Stuart explained how it was the power of earned media which allowed the story to stay alive and relevant as each channel took on a new angle of the story to discuss. To maximise this potential, Stuart shared how important it was for Thames Water to be as daring as possible in their use of language, to stand out from other news and headlines. Due to this, audiences became fascinated to find out ways that would satisfy their need to keep this beast from disrupting their daily routines – like missing their train in the morning due to road closures caused by companies like Thames Water so they can reach the sewers below.

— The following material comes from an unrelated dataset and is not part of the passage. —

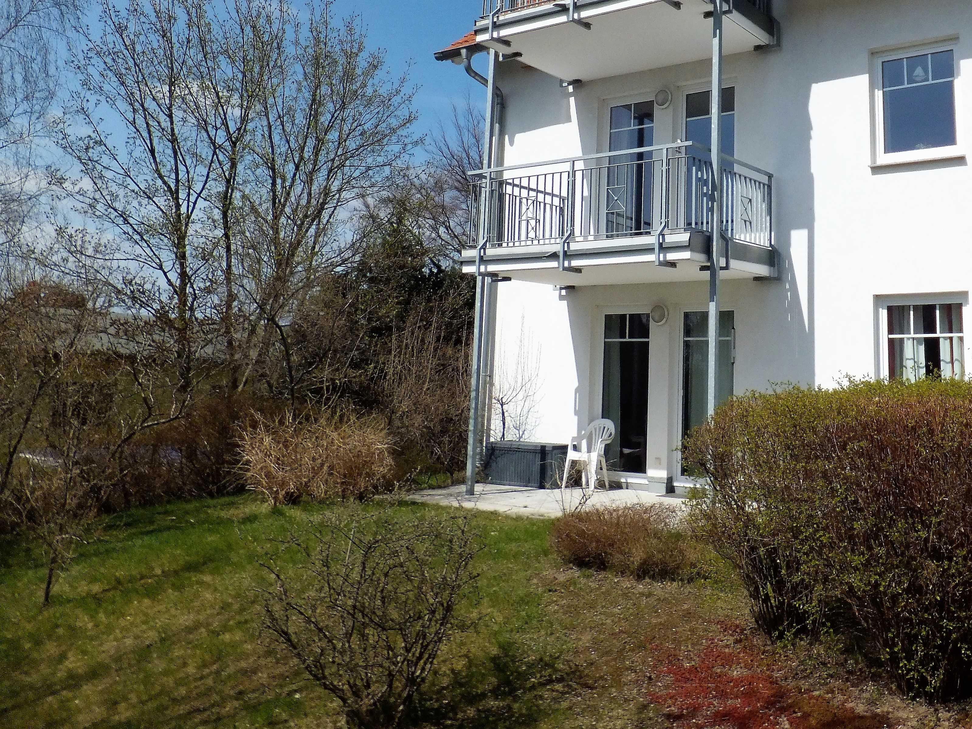 Die große Terrasse mit Südausrichtung und den angrenzenden Garten erreichen Sie über das Wohnzimmer.  Dort stehen Ihnen Gartenstühle nebst passendem Esstisch zur Verfügung.

Moreover, this exposure meant that Thames Water could achieve just some of the following:
- Work with food establishments to stop fat getting into the sewers
- Raise awareness of sewer abuse and how this pollutes our water supply
- Work with toiletry companies to improve labelling on packaging
- Change the public’s perception of Thames Water and give them the recognition that they deserve
- Inspire New York’s ‘Trash it, don’t flush it’ campaign
- Introduce the term ‘fatberg’ into the dictionary – where you can win 13 points in the game of Scrabble!
All of this wouldn’t have been made possible without Thames Water harnessing the power of storytelling to give the brand a unique identity but also increase the public’s awareness of sustainable drainage and wastewater management. For change to happen, people must be educated first.
In terms of businesses, Stuart’s session reminds us that in today’s fast-paced and digitally-driven society, the human touch increasingly becomes absent and coveted. Storytelling overcomes this. It’s a fantastic way to build a bridge between you and your audience and an excellent way of sharing the company’s vision and values. In Stuart’s case study, Thames Water used storytelling to start conversations, spark engagement but also involve their audience on what they do as a business which helped them combat their initial reputation as a public nuisance. It’s therefore important to share what you do in the simplest way possible.
As Albert Einstein famously quotes:
“If you can't explain it to a six-year-old, you don't understand it yourself.”
Ask yourself, what do you want your consumers to walk away feeling when they interact with your company? What does your brand bring to them aside from what it is you’re selling?